Squib (left) and Beanstalk (right) in the park. |
When Beanstalk was born, I was engulfed by fear. Tragically so. He was born dead, essentially and then they sent me home after four days with this child that had a pneumothorax, club feet, questionable other maladies, pending test results, and I can't remember what else. It grabbed me by the ankles and sucked me right into a pit I couldn't get out of by myself. Even hollering for help didn't work. I asked everyone including God. I could feel it. You know? That feeling you get when you're trying to climb out of a pit but the sides are just crumbling under your fingers and you're screaming, "Hey! Guys? Over here?"
I was a gibbering mas of protoplasmic goo on the inside. And I couldn't have looked too awesome on the outside. Believe me. I think I dropped a good thirty pounds in under four months after Beanstalk was born. And I'm a believing person. I have morals and enough belief in God that I really thought I would have something to lean on, and I think I probably did. But oddly enough it was something Frank Herbert wrote that got me on track. If you are appropriately geeky, then you'll know it:
“I must not fear. Fear is the mind-killer. Fear is the little-death that brings total obliteration. I will face my fear. I will permit it to pass over me and through me. And when it has gone past I will turn the inner eye to see its path. Where the fear has gone there will be nothing. Only I will remain.”
-Frank Herbert
Only I changed some parts after a while. At first it worked as is. But I tried the "I will permit it to pass over me and through me" crap and I'm here to tell you that just doesn't work. It's like walking through your house with mud on your boots. It still leaves tracks. So I tweaked it a bit and came up with something workable.

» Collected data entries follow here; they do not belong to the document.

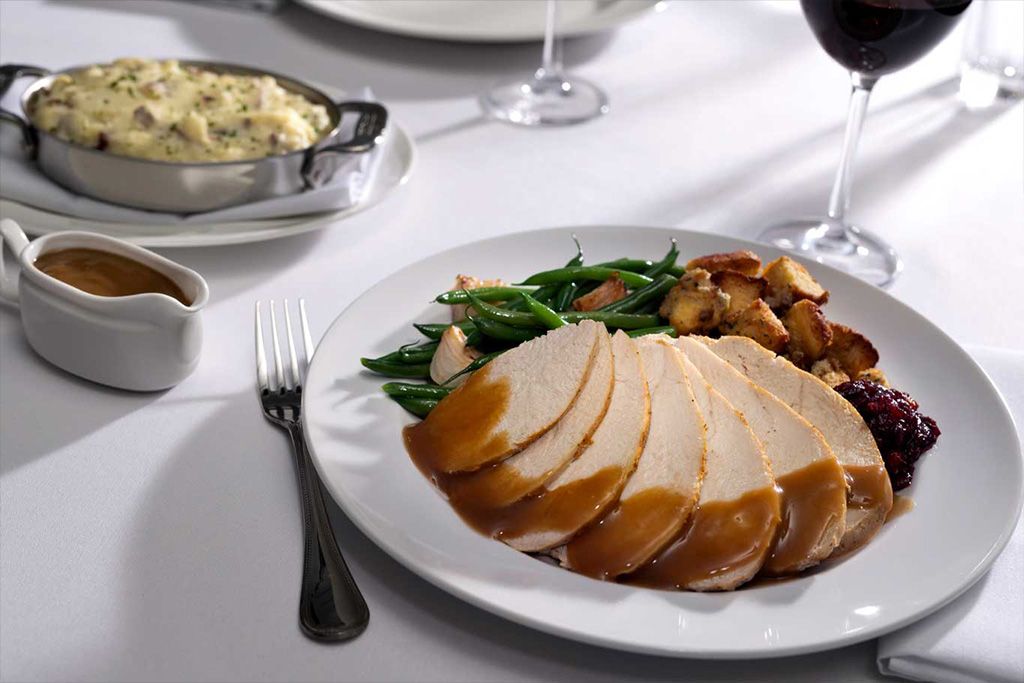 Morton’s is serving a four-course Thanksgiving feast in addition to the full menu. Start with butternut squash bisque with cinnamon crème fraîche. Next, a fall harvest salad with arugula, fennel, Honeycrisp apple, pomegranate, spiced walnut, goat cheese and maple vinaigrette.  The entrée is oven-roasted turkey roulade with savory sage & cranberry stuffing, turkey gravy, sour cream mashed potatoes, Morton’s green bean casserole and fresh cranberry sauce. End the feast with pecan streusel cheesecake with salted caramel and bourbon cream.
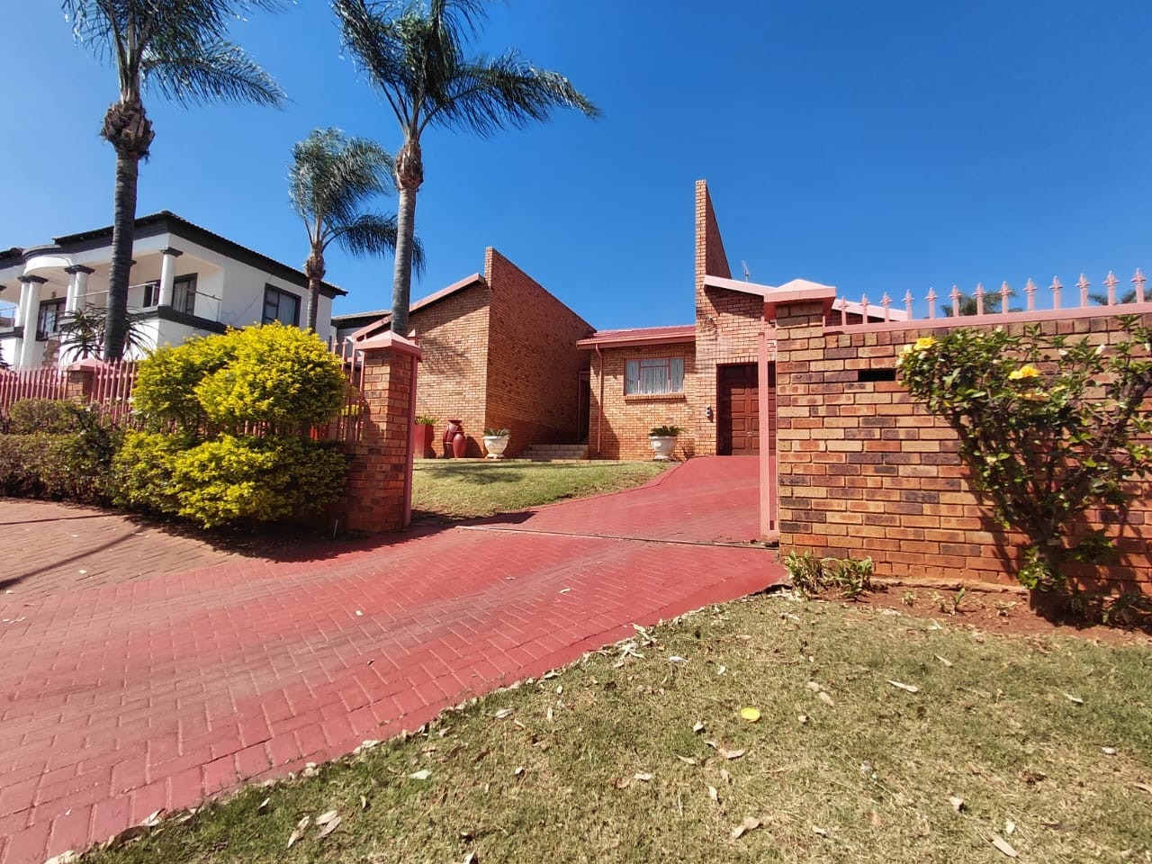 Discover an exquisite residential offering, perfectly poised within a vibrant metropolitan setting. This distinguished property immediately captivates with its impressive kerb appeal, featuring a distinctive brick architectural facade, a grand red brick paved driveway, and mature palm trees that lend an established, verdant charm. The secure perimeter, defined by a robust brick wall and elegant fenced access gate, ensures privacy and peace of mind for discerning homeowners.
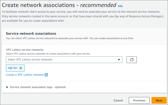 Service를 공유 받은 VPC Lattice Service Network인 zigi-lsn에 연결합니다.

"I will not fear. Fear is the mind-killer. Fear is the little-death that brings total obliteration. Perfect love casts out all fear, so you can take your happy ass and your fear along with it and get the hell out of dodge. And when you're gone, I won't care. I'll still be here."
-Scatness
It isn't that I don't get nervous or worry or even get that rush of OMG-ness at times. It's just that I have to stare it down for a second and send it on it's way. I have to hold up my end of things, ask myself if there's anything else that can possibly be done and THEN deliver the mantra. I just really can't even stand to be around fear-driven people.
And those two boys? They wouldn't indulge fear if it smacked them in the face. They've been broken and poked and prodded and dismembered and reassembled and just look at them. They are the two happiest creatures ever to walk the face of the earth. Proof?
Blurry, but a huge smile from Squib two days after open heart surgery and only hours off the vent. |
Beanstalk after a series of three surgeries to literally amputate his feet, use the parts to make new ones and reattached them. |
One of my concerns/hopes/dreams was that they grow into a relationship so that Beanstalk would have family around him as long as possible. He can do things, but to add perspective, he's ten and learning to count to twenty and do simple math. We tackled counting to ten last year. But I never wanted to force it or tell Squib he had to watch out for Beanstalk.
Then, on the playground one day, I saw Squib draw himself up to his towering height of 40 inches (heart babies can be short) and about that many pounds, and make that face I knew so well. He stood between where Beanstalk was watching people come down the tube slide and laughing his head off and where another boy had stopped to 'comment.' "That face" is a combo of "I believe I can so do this" and "I will start by gnawing your knees off and when you hit the ground I shall move on to your hips." Add a touch of "over your dead body" and you know the look. He was about to granulate someone who made fun of Beanstalk. And my heart both swelled and throbbed with dire panic. Squib does everything he sets out to do. And the face in the pic up there is not far from his determined litle squint.
Do you know what he said later?
"I don't get it, momma. There's nothing wrong with Beanstalk."
EXACTLY. Take that, tetrasomy 18p and neurofibromatosis whatsits!